When Home is not Homey

After a long, 42-hour trip with my two youngest, after yet another delay Stateside (this time we can all blame the same thing, no?), after grappling with the grief of leaving yet again, I climbed out of the car, and stepped through the door into my home – to find it smelled, felt more cramped than I remember, and distinctly did not feel like my home. Wait, my mind stalled right there at the door, is this really my home?

This was definitely not the feeling I was anticipating; usually, after a long (or even short) trip anywhere, I love the satisfying feeling of returning to my space, to resettling with my people in our own nook in the world, to the peace and joy and content that comes from just being a place of our own, together.
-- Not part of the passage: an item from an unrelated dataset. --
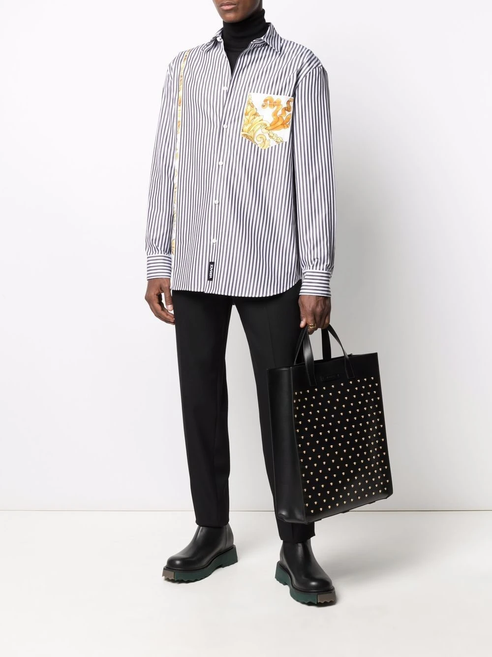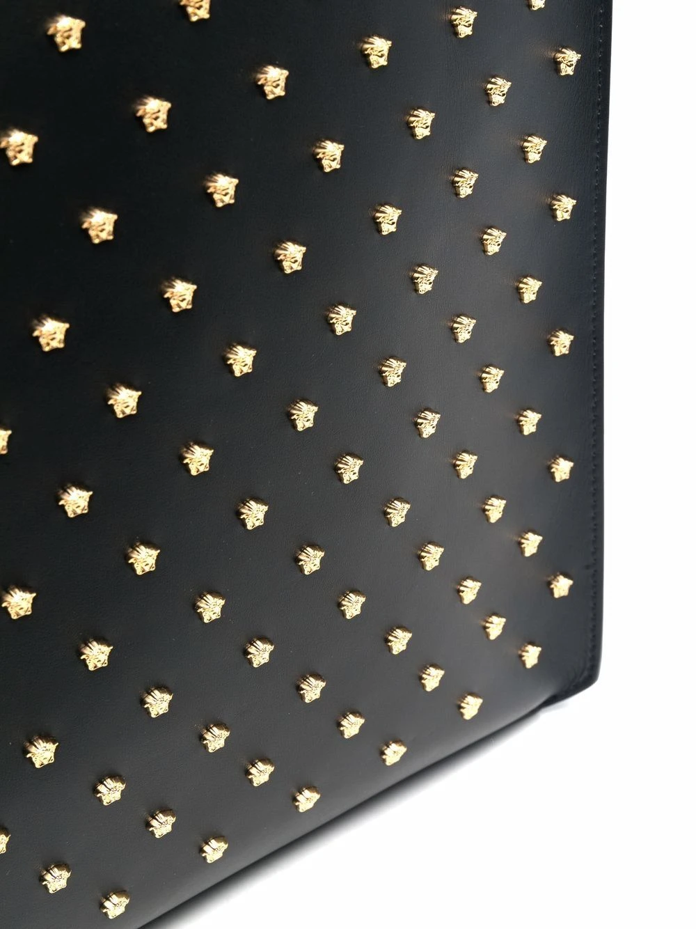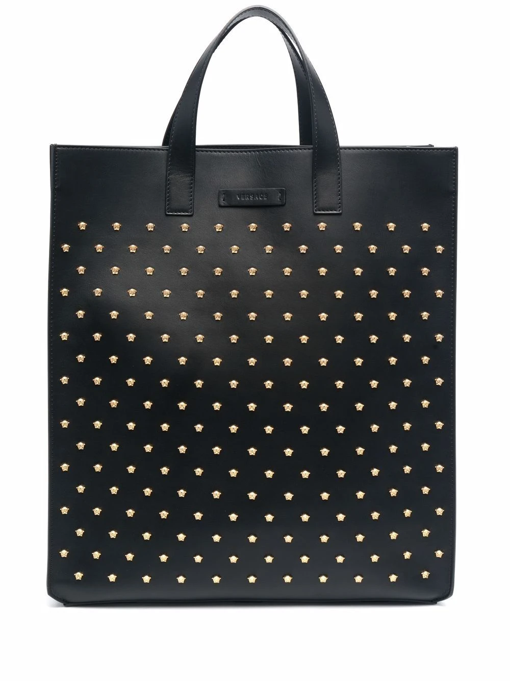Motif Medusa, patch logo sur le devant, finitions en métal doré, anses sur le dessus, ouverture sur le dessus, compartiment principal, poches intérieures zippées, poche intérieure plaquée. Couleur : noir. Matière : cuir de veau.

I suppose, in that moment, there were a couple of possible reactions to my disappointed arrival home: I could conjure all the homey feelings I know deep inside somewhere, and “put on a happy face” until I make it. I could go crawl in a corner and sit in my mournful melancholy for awhile (my reaction of choice had I not four eager children). Or, and what I did, I could unpack all the bags I had brought in a mad rush and attempt to quell the mental storm with the restoring of some small sense of order. Control what I can control, anyone else? Cleaning and organizing always seem to help regulate whatever emotional rush I am currently battling. In the following days, I tackled the deeper cleaning, the washing of all the things, and the random decluttering, and within a week, this house began to feel again like the home I had been anticipating settling back into. I saw with fresh eyes the beauty throughout, the peace and goodness we seek to cultivate within its walls, the potential for love to reign here, in the midst of grief and evil and suffering.

While there are a lot of elements that played into the overall disappointment of that particular arrival home (namely, the use and abuse of our home by others while we were gone), the concept of home has always been a complicated one, particularly for those of us who live outside our passport countries. For Ben and I, we have lived in six homes, in three different countries, over the course of our marriage, and we now can say, after five and a half years, this is the home in which we have lived the longest. There is the struggle that none of these homes we have owned, unlike most of our peers at our age and stage of life.

Even in all of that moving and resettling and renting and non-owning, each of those homes, in their own seasons, have been havens of rest, shelters for us from the raging of the world, and spaces we could open and into which we could bring others. Each new home has called me into a deeper sense of how? can this work for us, for our family, how? can this be a space where love reigns, peace is pursued, and goodness and beauty abound, and how? can we use this to share the love and peace and goodness and beauty of God with others? That challenge – of bringing forth in a space its best utility, and natural beauty, and cultivated peace – has been one for which I have gratefully accepted the transitions.

And for those seasons where I feel rootless, when home does not feel homey, when I wonder when it will be our turn to own, truly own, our unique piece of land in this wide world, I am leaning into the age-old promise that our true home is not found on this earth. That all of this good work of creating homes this side of heaven is a reflection of the Creator who has a home waiting for us – one filled with beauty beyond measure, filled with perfect peace and unending goodness.

In the meantime, you may find me cleaning again, or organizing something. Making our little house a home all over again, thanks to the goodness of God, until someday, we will be truly, forever, home.